EXERCISE DESCRIPTION.
Once you find the line with "Baden-Baden Tannenhof Hotel" in the listing below, set down exactly every line from it through the line with "Loose fit met", but no pictures.

*** Opening PROVIDED RECORDS ***

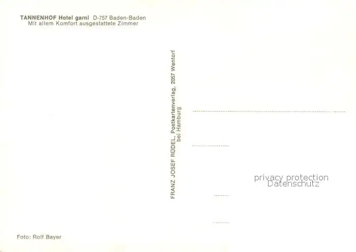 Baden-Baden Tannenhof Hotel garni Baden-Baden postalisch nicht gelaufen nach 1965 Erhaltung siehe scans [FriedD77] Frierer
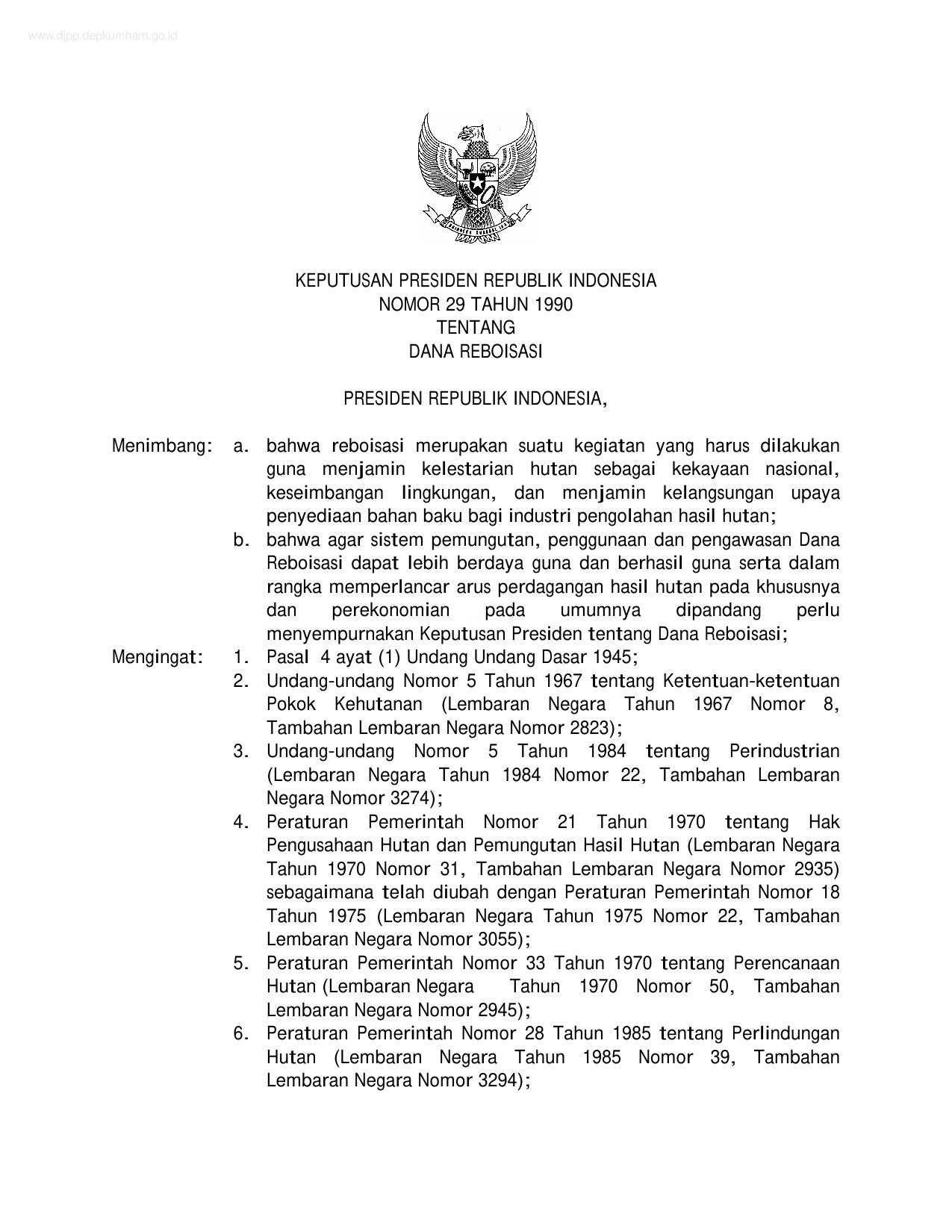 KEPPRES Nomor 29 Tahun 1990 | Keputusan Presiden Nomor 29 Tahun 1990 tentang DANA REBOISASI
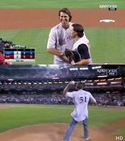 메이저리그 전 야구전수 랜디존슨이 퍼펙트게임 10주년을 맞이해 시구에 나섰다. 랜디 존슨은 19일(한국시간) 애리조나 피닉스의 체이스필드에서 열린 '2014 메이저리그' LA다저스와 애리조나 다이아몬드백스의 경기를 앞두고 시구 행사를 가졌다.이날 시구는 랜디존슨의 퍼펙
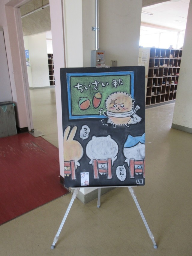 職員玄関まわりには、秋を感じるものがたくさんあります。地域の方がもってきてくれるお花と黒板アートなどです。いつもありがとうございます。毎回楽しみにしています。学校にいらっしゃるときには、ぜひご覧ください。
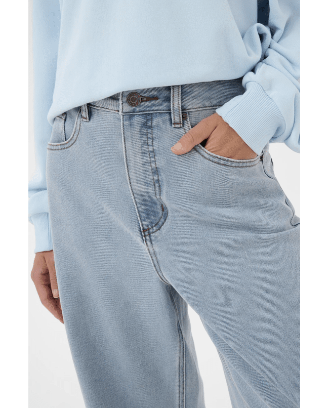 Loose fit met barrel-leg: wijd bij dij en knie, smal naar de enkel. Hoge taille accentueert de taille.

*** Closing PROVIDED RECORDS ***
*** Opening PROVIDED RECORDS ***

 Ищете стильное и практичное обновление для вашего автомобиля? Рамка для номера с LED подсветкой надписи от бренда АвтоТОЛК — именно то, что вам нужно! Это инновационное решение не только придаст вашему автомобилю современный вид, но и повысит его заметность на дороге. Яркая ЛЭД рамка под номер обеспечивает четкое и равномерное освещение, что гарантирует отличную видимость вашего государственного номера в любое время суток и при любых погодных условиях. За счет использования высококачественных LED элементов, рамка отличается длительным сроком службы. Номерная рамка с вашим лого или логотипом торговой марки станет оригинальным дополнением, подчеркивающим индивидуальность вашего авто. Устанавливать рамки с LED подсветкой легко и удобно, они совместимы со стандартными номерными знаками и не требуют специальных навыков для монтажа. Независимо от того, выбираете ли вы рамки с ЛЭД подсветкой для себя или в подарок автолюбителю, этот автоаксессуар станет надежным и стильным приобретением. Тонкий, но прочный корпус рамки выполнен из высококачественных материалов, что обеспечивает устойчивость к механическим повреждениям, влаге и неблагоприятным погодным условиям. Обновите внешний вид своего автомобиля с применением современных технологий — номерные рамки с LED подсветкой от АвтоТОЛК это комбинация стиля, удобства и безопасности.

*** Closing PROVIDED RECORDS ***

RESULT OF THE TASK.
 Baden-Baden Tannenhof Hotel garni Baden-Baden postalisch nicht gelaufen nach 1965 Erhaltung siehe scans [FriedD77] Frierer
 KEPPRES Nomor 29 Tahun 1990 | Keputusan Presiden Nomor 29 Tahun 1990 tentang DANA REBOISASI
 메이저리그 전 야구전수 랜디존슨이 퍼펙트게임 10주년을 맞이해 시구에 나섰다. 랜디 존슨은 19일(한국시간) 애리조나 피닉스의 체이스필드에서 열린 '2014 메이저리그' LA다저스와 애리조나 다이아몬드백스의 경기를 앞두고 시구 행사를 가졌다.이날 시구는 랜디존슨의 퍼펙
 職員玄関まわりには、秋を感じるものがたくさんあります。地域の方がもってきてくれるお花と黒板アートなどです。いつもありがとうございます。毎回楽しみにしています。学校にいらっしゃるときには、ぜひご覧ください。
 Loose fit met barrel-leg: wijd bij dij en knie, smal naar de enkel. Hoge taille accentueert de taille.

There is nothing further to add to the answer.